A woman in her 40s was awarded £330,000 compensation after her ureter was cut and she was inadvertently sterilised during gynaecological surgery at Royal Bolton Hospital.
Since 2016, our client had been suffering with persistent pelvic pain and heavy periods which was found to be due to enlarging cysts on both ovaries. She had initially decided against surgery, opting for hormone medication to control symptoms. However, when her pain worsened over a 12-month period, she changed her mind and agreed to have the cysts surgically removed.
C was never informed of the potential risk of ureteric damage during keyhole surgery. The ureter is one of the tubes that carry urine from the kidneys to the bladder. Ureters are delicate structures at risk of being easily cut during medical procedures relating to the pelvis. Therefore, surgeons are expected to take precautions to protect the ureters during gynaecological procedures.
C was advised that her ovaries would only be removed if absolutely necessary; she was 38 and already had three children but wanted to expand her family.
About the injury
In February 2018, during the two-hour operation, the gynaecological surgeon found a large endometrioma, also called a ‘chocolate cyst’ on C’s right ovary that instantly burst. This type of cyst is filled with menstrual blood and usually linked to endometriosis, but no other evidence of endometriosis was found. The surgeon concluded that it was actually a haemorrhagic cyst (an ovarian cyst that bleeds) which would not impact C’s chance of becoming pregnant again.
C had significant scar tissue connecting the bowel to the top of her womb, preventing the left ovarian cyst from being easily removed. A colorectal surgeon was called to remove some of the scar tissue to allow for better visualisation of the ureters. These were found to be normal and separate from the cyst.
During recovery, C was told the surgery had gone well without complications. The left cyst had been drained and the right cyst had been removed. Her pain had subsided somewhat and was manageable with painkillers. She was discharged the following day.
However, a few days later she went to A&E at Pennine Acute Hospital in Manchester with abdominal pain and vomiting. The on-call gynaecology SHO prescribed C antibiotics and advised for her to attend a gynaecology assessment back at Bolton. Two days later our client went to A&E at Bolton Hospital with increasing abdominal pain.
A CT scan showed two large abscesses in the pelvis, signs of infection in the abdomen, a swollen kidney filled with urine, and both lungs partially collapsed. The abscesses were drained which confirmed the fluid build-up was urine. This indicated that a ureter had been damaged during the keyhole surgery. It was found to have been completely cut through the middle and C needed further surgery to reconnect (reimplant) the ureter to the bladder.
How our client was affected by the injury
C developed incontinence that requires long-term medication. Due to scar tissue, C’s ureter had become restricted and she underwent dilation in 2022. She will probably need further urological procedures in the future, including life-long Botox injections.
C will also never be able to fall pregnant naturally again after the surgeon unknowingly removed part of C’s fallopian tube during the cyst removal. This led to the breakdown of her relationship and depression. She admitted that she feels like life isn’t worth living at times but carries on for her three children who help care for her.
C had been experiencing periods of excruciating pain that radiate from her back into her abdomen and down her stomach. Caroline sought the opinion of a pain expert to explain why C had pain in her back despite there being nothing wrong with C’s spine on X-rays and MRI scans. The pain expert felt C had developed a chronic post-operative pain disorder associated with psychological and social dysfunction. After the urological dilation procedure in December 2022, C had felt some relief from some pain symptoms but was expected to continue to suffer some degree of ongoing chronic pain symptoms. It was hoped some further improvements might be achieved with ongoing rehabilitation.

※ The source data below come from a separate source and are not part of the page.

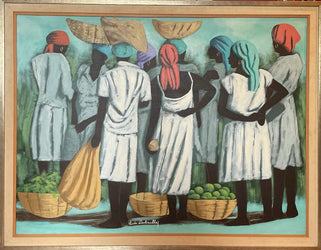 Claude Dambreville a signé ce magnifique tableau immense. Il représente une scène figurative d'un bon jour de marché dans les rues d'Haïti. Il s'agit d'une acrylique sur toile en bon état et vendue sans cadre.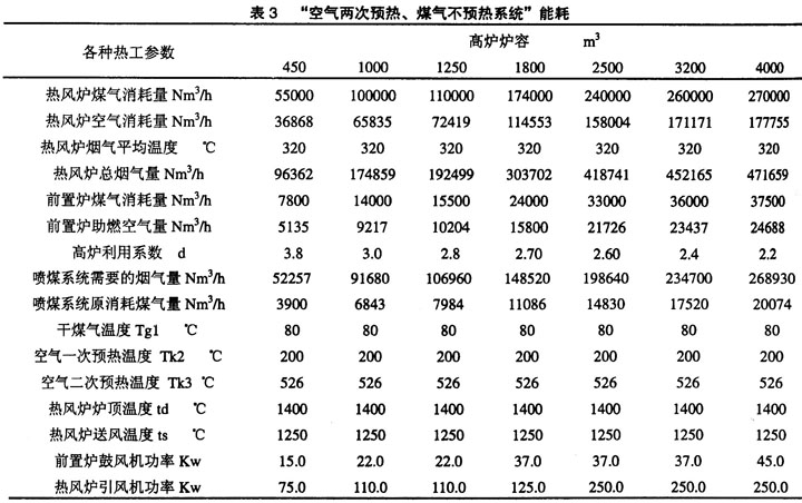 这个系统由于煤气不预热,热风炉烟气余热用不完,大约多余50%左右的热风炉烟气量。因此可以将多余的热风炉烟气送至中速磨烘煤粉,省去了烘煤粉的烟气炉。烘煤粉烟气炉本身需要消耗高炉煤气,其量的大小与吨铁喷煤量、高炉炉容、高炉利用系数、及中速磨作业时间有关。为了便于比较,假定不同类型高炉喷煤量均为200Kg/t,中速磨作业时间均为12小时,送去烘煤粉的烟气温度为320℃,干煤气温度为80℃。表3列出了不同炉容高炉“空气两次预热、煤气不预热的组合预热系统”能耗数据。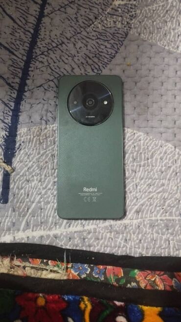 Смартфон Redmi (зелёный цвет, задняя крышка под кожу), серия Note/Redmi с круглым модулем камеры.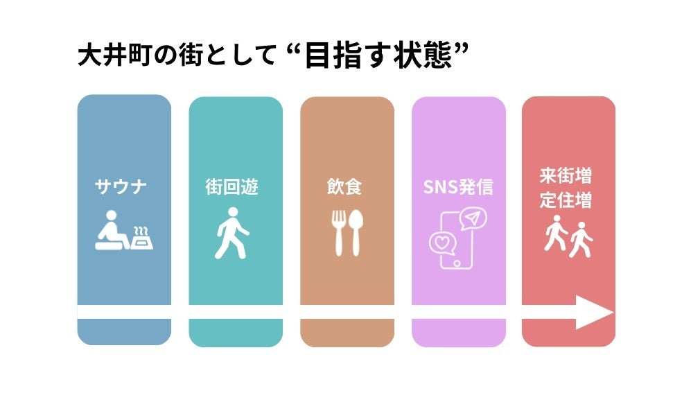 サウナをきっかけとして大井町に訪れた人々が、飲食店を利用するなどで滞在し、回遊する街として再定義を試みます。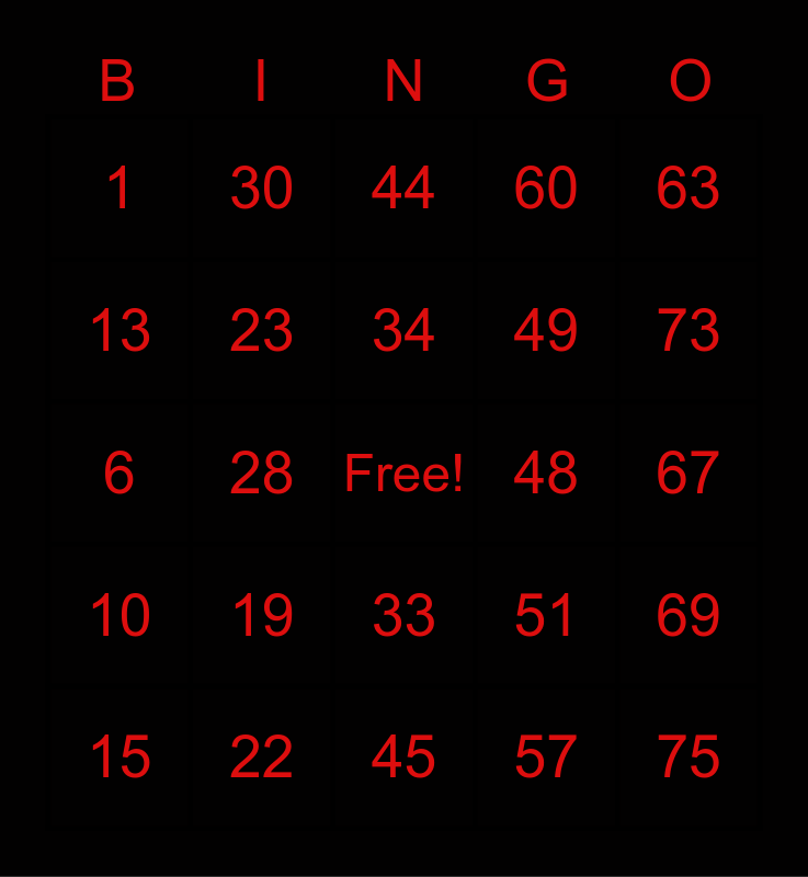 This bingo card has a free space and 24 words: 15, 19, 34, 57, 63, 1, 30, 44, 48, 67, 6, 23, 51, 69, 13, 22, 45, 60, 73, 10, 28, 33, 49 and 75.

The Defendant Trust admitted liability early on in the claim which enabled Caroline to apply for interim payments – those being sums of money paid before the full and final agreement was reached. This meant that C could begin private rehabilitation to manage, and improve, both her physical and psychological pain.
The case eventually settled out of court in January 2023 at £330,000. This included £100,000 in general damages for C’s pain and suffering during the surgery, and subsequent infertility, chronic pain and further procedures. The compensation also included special damages (i.e., financial losses past and future) for, amongst other things, past care and rehab costs and future life-long medical expenses.